Nonlinear Wave-Spin Interactions in Nitrogen-Vacancy Centers

TL;DR

This paper demonstrates nonlinear wave-spin interactions in NV centers, revealing effects like sum/difference frequency resonance and electromagnetically induced transparency, with implications for quantum control and sensing.

Contribution

It introduces a method to realize and verify nonlinear effects in NV centers through microwave-spin interactions, advancing quantum sensing technologies.

Findings

Observation of sum and difference frequency resonances.

Verification of phase coherence via two-photon Rabi oscillations.

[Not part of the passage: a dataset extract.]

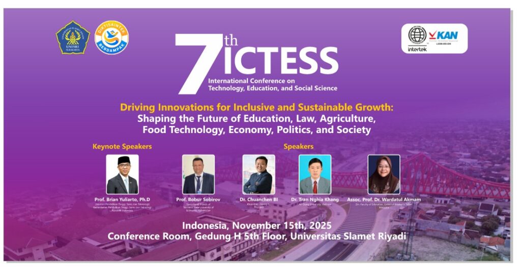 Program Studi Pendidikan Bahasa Inggris Universitas PGRI Yogyakarta (PBI UPY), yang dalam pengembangannya senantiasa menerapkan slogan ASIK (Adaptive, Sustainable, Innovative, Knowledgeable) sebagai semangat untuk meningkatkan kualitas akademik dan kontribusi global yang relevan, menghadiri Konferensi Internasional yang diselenggarakan oleh Universitas Slamet Riyadi (UNISRI) secara daring. 7th International Conference on Technology, Education, and Social Science (ICTESS) 2025 ini dilaksanakan pada Sabtu, 15 November 2025. Konferensi internasional tersebut berfokus pada penguatan inovasi global yang inklusif dan berkelanjutan untuk menjawab tantangan dunia pendidikan, teknologi, sosial, dan pembangunan modern.
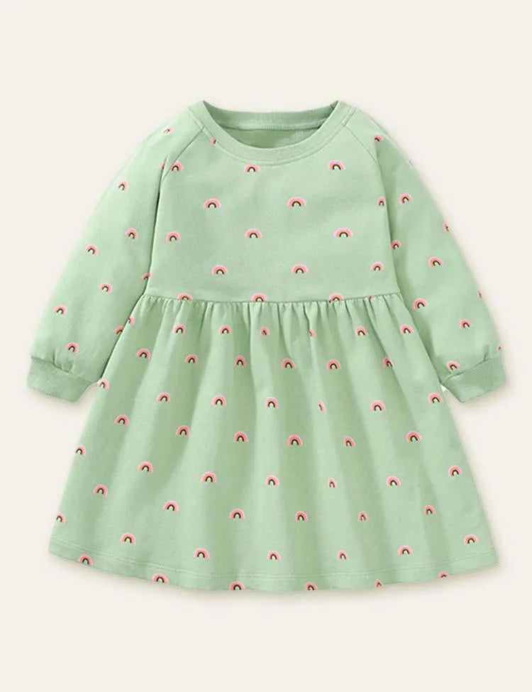فستان بأكمام طويلة وطبعات قوس قزح

Potential for enhanced quantum control and sensing applications.

Abstract

Nonlinear phenomena represent one of the central topics in the study of wave-matter interactions and constitute the key blocks for various applications in optical communication, computing, sensing, and imaging. In this work, we show that by employing the interactions between microwave photons and electron spins of nitrogen-vacancy (NV) centers, one can realize a variety of nonlinear effects, ranging from the resonance at the sum or difference frequency of two or more waves to electromagnetically induced transparency from the interference between spin transitions. We further verify the phase coherence through two-photon Rabi-oscillation measurements. The highly sensitive, optically detected NV-center dynamics not only provides a platform for studying magnetically induced nonlinearities but also promises novel functionalities in quantum control and quantum sensing.